Persistence:  The Commonality of Champions

Look upon history, and you’ll find that the notable quality that exists in all champions is persistence.

The path you walk will not always be easy, but you have to continue to persist.  Even in the face of seemingly overwhelming odds, you must keep putting one foot in front of the other, because there are lessons to be learned along the way, all of which will support your success.

Whenever you confront an obstacle or roadblock, step back and emotionally detach yourself from the situation.  It’s much easier to think of ways to go around, under or over the obstacle when you let go of the frustration.  This may take some practice, but try this exercise: imagine a friend is the one facing the challenge(s), and you are simply providing ideas how to help them overcome the obstacle.  When you are solution-oriented, you focus on the possibilities, not the impossibilities.

In truth, nothing is impossible, and change is inevitable.  Knowing this, you can take persistent steps in faith, with the wisdom that nothing stays the same, and at some time in the future your current obstacles will dissolve.

 

Below are some quick facts about persistence.

It took approximately 10,000 experiments before Thomas Edison successfully invented the light bulb.  What does he have to say about persistence?  “Our greatest weakness lies in giving up.  The most certain way to succeed is always to try just one more time.”

Long before becoming the lead singer of REO Speedwagon, Kevin Cronin, was determined to make it big.  At a young age, he went to go see an influential music producer, only to get turned away.  Kevin was so confident in his talent that he didn’t let that producer’s rejection get to him for one second.  In fact, he was convinced that the producer’s tape player must not have been working properly, because if it had, the producer would have recognized Kevin’s talents immediately.  He kept pursuing his passion and eventually landed with REO Speedwagon, bringing the band into the mainstream music scene.  Over the years, they’ve sold more than 40 million records and charted 13 Top 40 hits.

When 19-year-old Rick Little wanted to start a program in high schools that would teach kids how to deal with their feelings, handle conflict, clarify life goals, and communicate effectively, he was turned down by more than 155 organizations.  Finally, the Kellogg Foundation gave him $130,000, but that wasn’t enough.  He was persistent and eventually received $65,000,000 in funding – the second largest funding in U.S. History – to create the International Youth Foundation.  How’s that for persistence?

In 1998, Google co-founders Sergey Brin and Larry Page approached Yahoo! and suggested a merger.

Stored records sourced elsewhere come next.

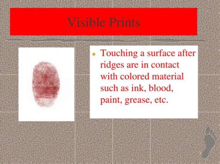 Visible prints are formed when blood, dirt, ink, paint, etc., is transferred from a finger or thumb to a surface. Patent prints can be found on a wide variety of surfaces: smooth or rough, porous (such as paper, cloth or wood) or nonporous (such as metal, glass or plastic).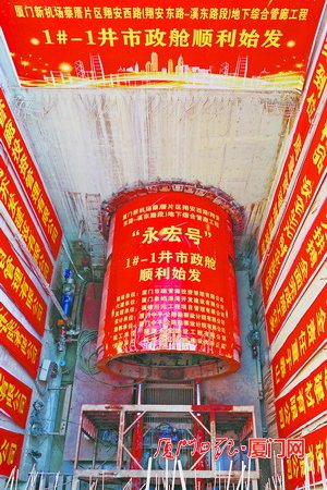 昨日,廈門(mén)新機(jī)場(chǎng)蔡厝片區(qū)翔安西路(翔安東路-溪東路段)地下綜合管廊工程“永宏號(hào)”頂管始發(fā)。(記者 王協(xié)云 攝)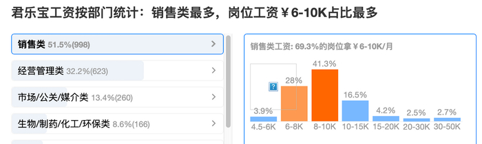 职友集数据显示,君乐宝工资按部门统计,销售类最多,岗位工资6—10K占比最多,低于行业平均水平。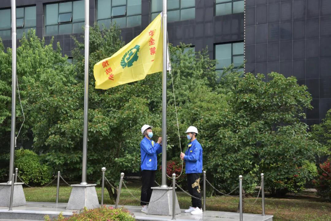 6月3日上午,主樓南側廣場,集團舉行”升安全旗儀式”暨2020年”安全生產月”活動啟動儀式。儀式由安技環保部副部長金輝主持,集團副總經理單瑋及全體安技員參加。今年的安全生產月主題是”消除事故隱患,筑牢安全防線”,旨在增加全員應急意識、提升公眾安全素質,有效防范和堅決遏制重大事故發生。

Yahoo! executives politely declined and suggested they continue working on their “little school project” and come back when they were all grown up.  Ten years later, Google is worth an estimated $140 billion!  That surpasses Intel, Coke, McDonald’s, as well as other corporate moguls, including Yahoo!  Just for a moment, think about how their persistence impacted the world of search engines as we know it.

 

What’s the lesson here?  You should never, never give up.  However, there are times when it may be appropriate to refocus your persistence in a new direction.  How do you know when it’s the right time to change course? 

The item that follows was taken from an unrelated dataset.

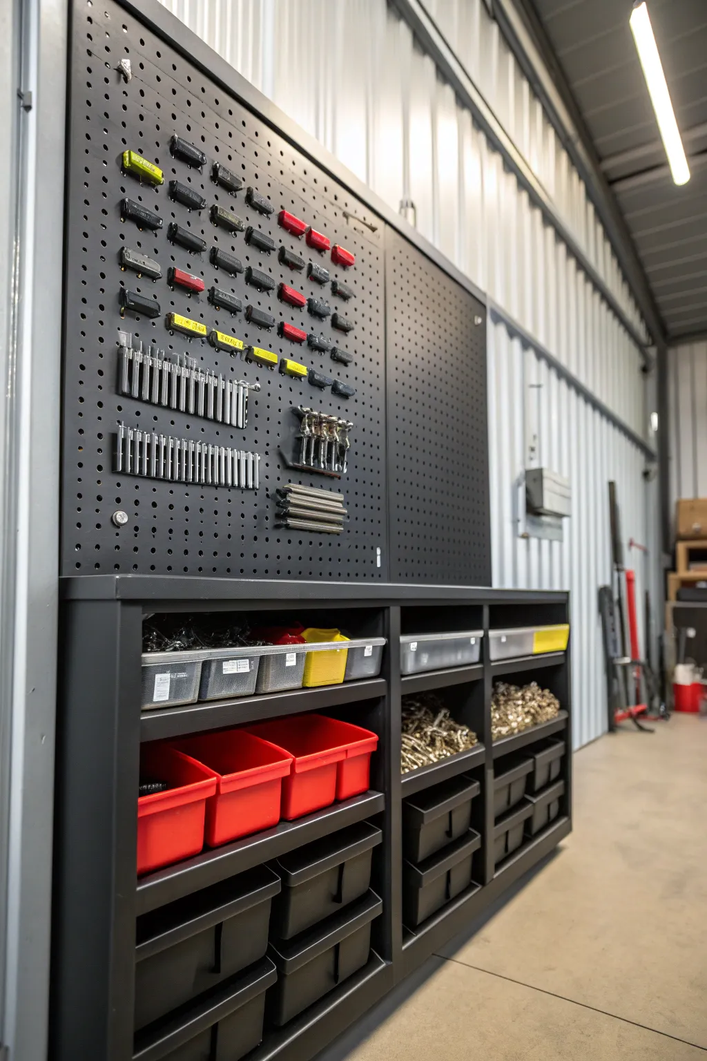 For organizing small parts, pegboard and bin combos are lifesavers. They keep nuts, bolts, and screws sorted and within easy reach in my container.

If you absolutely cannot live without what passionately consumes you, then do not give it up.  The problem is never your passion, it only the manner in which you are trying to make it happen.  Try a different approach – think of a creative solution.  However, if you can live without it, then passion is not is what is driving you.  When passion is not driving you – it’s not something you really want.  Perhaps you have trained yourself to want what someone else wants for you.  Go back to your list of goals and reconnect with the goals that really drive you.

 

Old Goals Don’t Match New Priorities and/or Values

We all know that people change.  Where you are in life determines what’s important to you.  It’s okay that you refocus your persistence on a new goal that is alignment with your new priorities or values.  Don’t be afraid to let go of old goals that don’t resonate with your new evolution, just be sure you’re letting go of them for the right reason.  In other words, be sure you’re not letting go of something you really love just because you’re fearful it will never happen.

 

When Your Persistence is Really Stubbornness

Be clear, persistence is not the same thing as stubbornness.  Are you being persistent because you really want it or are you refusing to let it go because you are somehow mistaking it for failure?  If you don’t want it, let it go – that’s not failure.

Making Room for New Goals

You may have several goals in life, and that’s the way it should be, but which ones are the most important to you?  It’s a good idea to first focus your persistence on the goals that carry the highest level of desire.  As you achieve your most desired goals, you can reprioritize the remaining goals, delete them, or add new goals as it suits you.  Scattering your focus among several goals will not allow you to apply persistence effectively.  Periodically evaluate your goals list and reprioritize or delete old goals to make way for the new ones.

 

The most important thing to remember about persistence is to trust your own intuition.  Don’t listen to the critics and silence the self-doubt.  If you have a feeling that something is going to work, even if everyone says it won’t, persist in your goal until you achieve it.  There is core genius in you – and that is the stuff that champions are born from.

“So, if you’re tired of the same old story… oh, turn some pages.”